Ce lo ha ricordato qualche giorno fa Goldman Sachs che nel report Hike Premium Returns to Europe. In uno poco lusinghiero studio sull’impatto del rialzo dei tassi sull’Europa la banca d’affari ha espresso l’infausto pronostico di uno spread BTP/Bund in volo a 235 punti base entro la fine dell’anno. Intendiamoci sarebbero livelli visti già lo scorso ottobre, ma quel che conta è che gli analisti temono che le valutazioni sullo stato di attuazione del PNRR comincino a pesare sulle aspettative domestiche di crescita.

Il tutto mentre la BCE smette di comprare titoli di Stato e continua ad alzare i tassi.
Così finisce che Goldman Sachs consiglia di vendere BTP e comprare Bono spagnoli.

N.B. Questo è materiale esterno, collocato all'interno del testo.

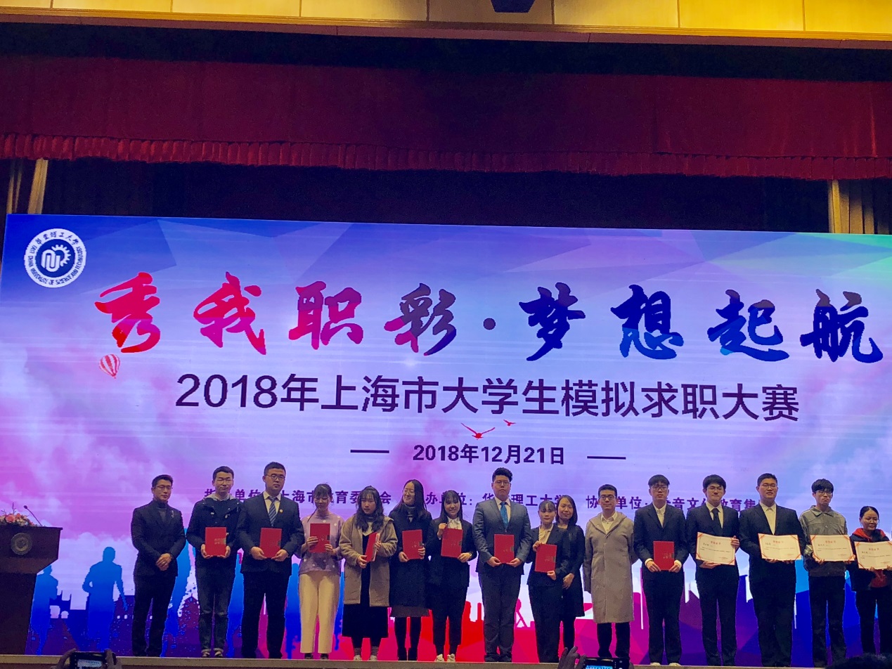 12月21日,2018年上海市大学生模拟求职大赛决赛在华东理工大学逸夫楼举行。我校机械学院谢珺通过院级推选、校级选拔、复赛甄选,最终获得优胜奖。商学院刘佳波和材料学院傅佳斌获得纪念奖。

Se ne trae la conferma che il PNRR è diventato oggetto di valutazione della cronaca finanziaria internazionale (non il generico report di Moody’s è finito su Bloomberg).

Italia, ma le prospettive restano positive

Se ne trae anche l’idea un po’ approssimativa che tutta la crescita italiana derivi dal PNRR il che, basta guardare gli ultimi dati sui veicoli commerciali, non è esatto, anzi. 

A completare il quadro va anche ricordato che finora l’esplosione dell’inflazione ci ha permesso di tenere sotto controllo il rapporto debito/Pil.

Ne hanno fatto le spese i cittadini, ma intanto l’economia si è rivitalizzata e se sapremo difendere la domanda aggregata potrebbero crearsi opportunità di consolidamento della crescita.

L’ultimo DEF del governo mantiene le prospettive di crescita, come la maggior parte degli osservatori internazionali. Anche S&P nella sua ultima revisione del rating prevede crescita e riduzione del debito/Pil nel periodo 2023-2026.

Certo la traiettoria di una spesa da 75 a 100 miliardi di euro sugli interessi sul debito italiano tra il 2023 e il 2026 è inaccettabile, soprattutto in confronto con le altre spese sociali dello Stato, ma abbiamo già capito dall’ultima crisi finanziaria che l’unica ricetta contro il debito è la crescita.

Ricordando che il 60% del Pil italiano viene dai consumi privati dovremo difenderla e in quest’ottica difendere anche il PNRR.